Seems from the description of the purpose this is enough for us to get to the point of selling the project or the project being funded by the JV partner from then on.
Keeping the numbers simple, the bit that I wonder about, if you want to buy in to and fund Dev, if Dev sets the valuation at $240m why not buy out KDNC first.
I'll assume the project needs $400m construction cost (for 67% grade) 20/80 debt to equity. $80m equity investment might get you 1/3rd of the project, leaving KDNC with 22.4% and Indo with 44.3%, the project is then more valuable now being fully funded for construction. I'll assume once constructed it doubles the valuation to $480m for simplicity.
KDNC 22.4% becomes worth $107m (47p /share)

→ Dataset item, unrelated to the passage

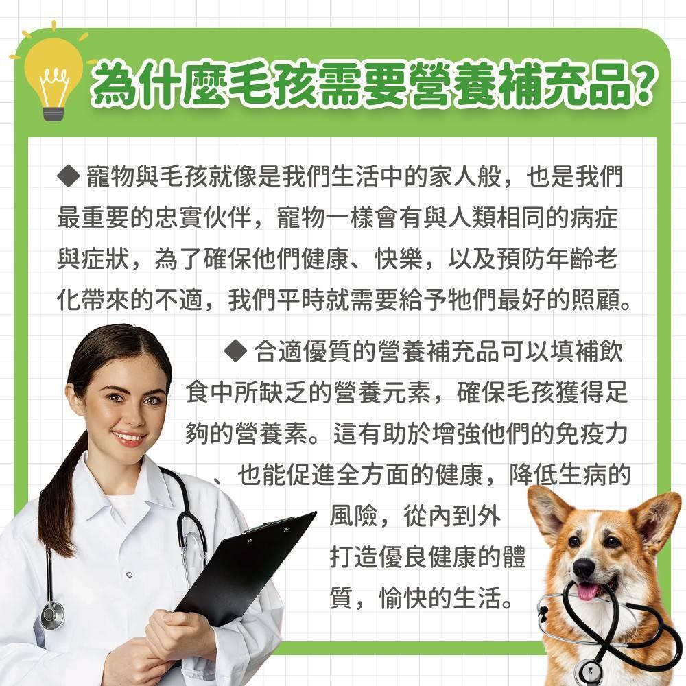 透過日常營養補充品保持健康,與罹患疾病需要負擔龐大的醫藥費相比,CP值可說是相當高,讓毛孩有健康的身體才能降低未來的醫療成本。
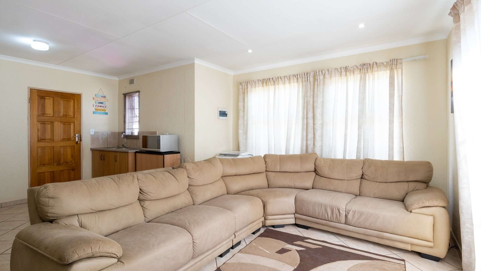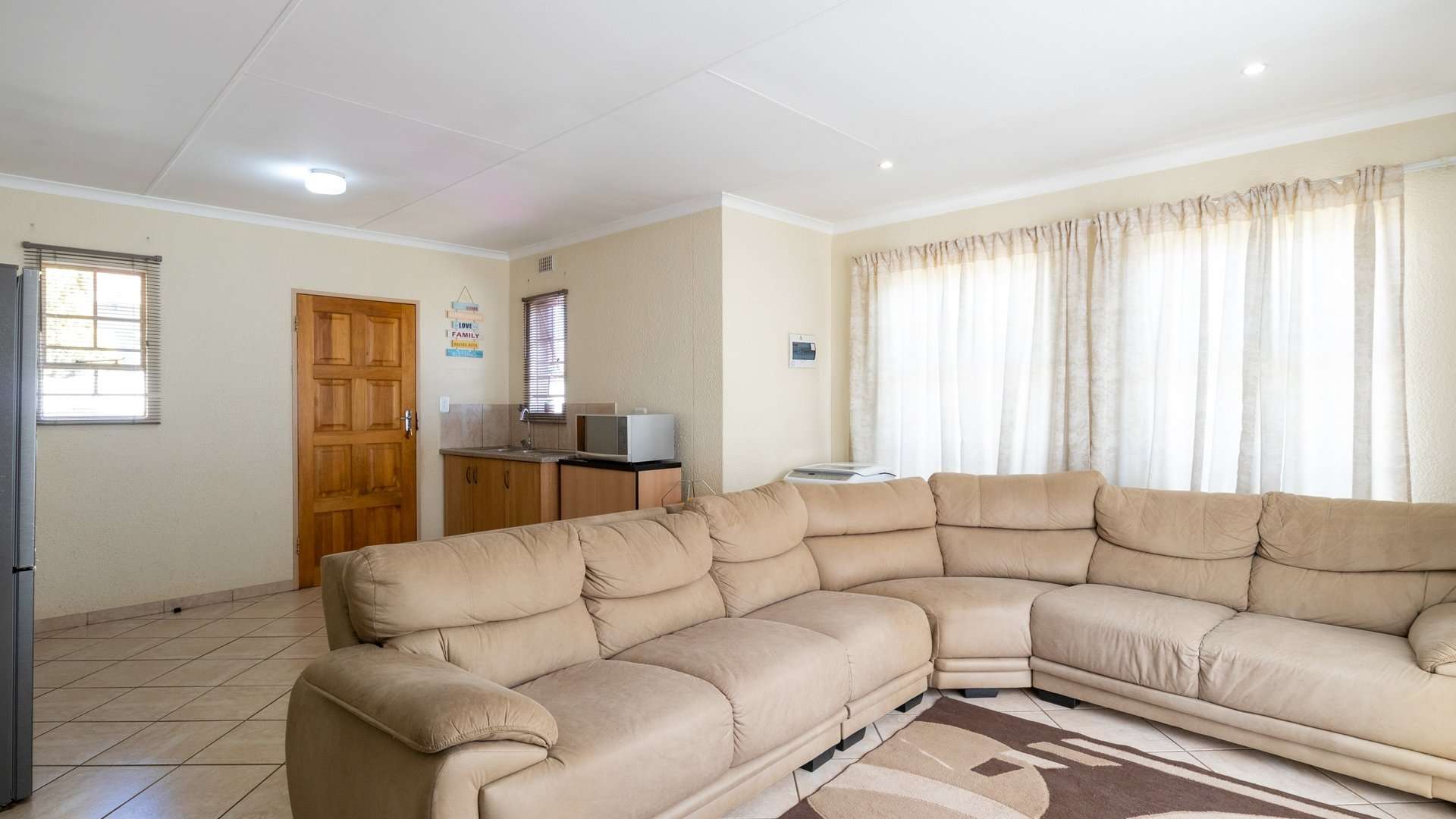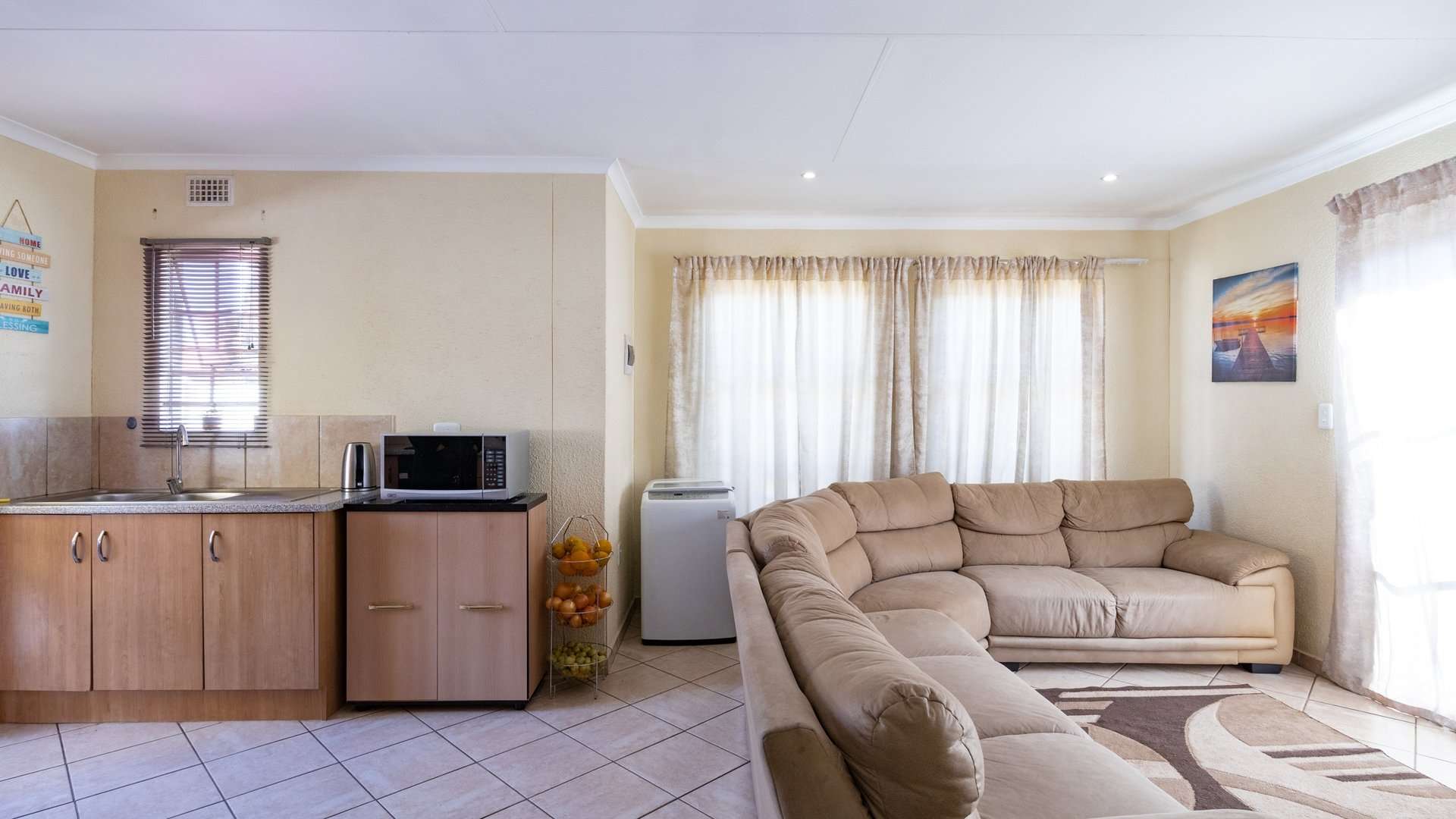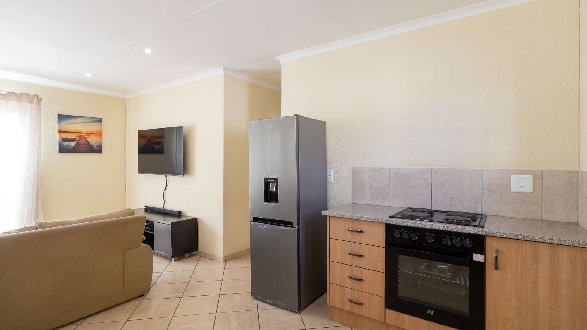 Step into a bright and spacious lounge that flows into a well-appointed kitchen, complete with built-in cupboards—perfect for daily living and easy entertaining.

JV partner has 33.3% worth $160m a 100% gain of $80m
Why not buy out KDNC at Edison value of 27.6p/share (£50m) and take over the rights to go to 49% first at $1.1m per 1% (£13m) and then you get 49% of the project for £63m then invest the $80m (£63m) at the $240m valuation to get to 66.6% of the project and leave Indo with 33.4% at the same investment cost per %.
So £126m ($160m) investment could get you 66% of Dev worth $320m (100% gain).
Otherwise if you buy Dev in it's entirety for the same $240m you then would have to inject the $80m for a total cost of $320m for 100% with the project now worth $480m giving a 50% gain.
Happy to hear of any flaws in this logic...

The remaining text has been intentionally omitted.